For a long time, there is only the sound of our breathing, slowing gradually in the quiet room. He collapses beside me, gathering me instantly into his arms, pulling me against his sweat-slicked chest. My head finds its place in the hollow of his shoulder, my leg thrown over his. We are a tangle of limbs and shared warmth, and I have never felt so safe, so known.

After a few moments, he shifts, pressing a soft kiss to my temple before getting up. I watch, a faint worry stirring, but he simply goes to the bathroom, returning with a soft, damp cloth. With the same tenderness he has shown all night, he cleans me, his touch so gentle it makes my eyes sting. He disposes of the protection, then returns to bed, drawing the covers over us and pulling me back into the circle of his arms.

He presses a kiss to my damp forehead. “My wife,” he says, the words filled with a quiet wonder that mirrors my own heart.

I trace a pattern on his chest, my fingers following the path of a faint scar. “My husband,” I answer, testing the words. They fit. They feel right.

The silence is deep and peaceful. The scent of jasmine is gone, replaced by the musk of our shared skin, a fragrance that feels more sacred than any wedding perfume.

“All those people today,” I murmur into the dark, the thought surfacing. “They had an expectation for this night. A script.”

I feel his chest rise and fall in a quiet chuckle. “Mm. I think we wrote a better one.” His hand strokes my hair. “Does it feel strange? That it was… us? Not just a duty?”

I consider it. The fear, the talking, the accidental touch of hands, the slow dissolution of distance. The way my body felt both new and deeply my own under his patient hands. “No,” I say finally. “It doesn’t feel strange. It feels like a beginning we chose. Even though the marriage was arranged… this wasn’t.”

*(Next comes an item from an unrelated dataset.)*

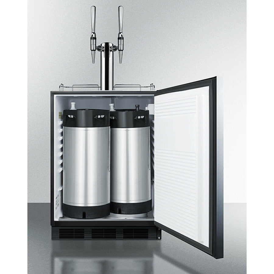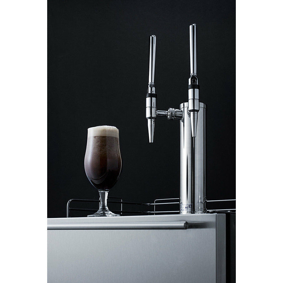 Sized at 32 inches high, the SBC58BLBIADANCFTWIN is designed to fit under lower ADA compliant counters. The front-breathing design allows built-in installation, while the fully finished black cabinet also enables freestanding use. This unit features a user-reversible 304 grade stainless steel wrapped door complete with a stainless steel handle mounted horizontally for a modern look. We include a guard rail (ships uninstalled) and removable two-piece stainless steel drip tray for cleaner service. This unit ships with an NSF-listed stainless steel tap kit that includes everything you need to serve nitro-infused cold brew coffee, including a standard dual tap draft tower, regulator, and nitrogen tank.

He holds me tighter. “That’s what I wanted.”

The stranger is gone, not banished by force, but dissolved by hours of tender patience. In his place is the man I will wake up with tomorrow, the man who knows my fear of pigeons and the taste of my sighs, the man whose watch I will likely spend a lifetime finding.

The script for the wedding night lies discarded on the floor, along with my wedding lehenga. We wrote our own tonight. And as I drift to sleep in his arms, the first faint light of dawn tinting the sky the color of my discarded nightgown, I know it is only the first page of a much longer, much more beautiful story.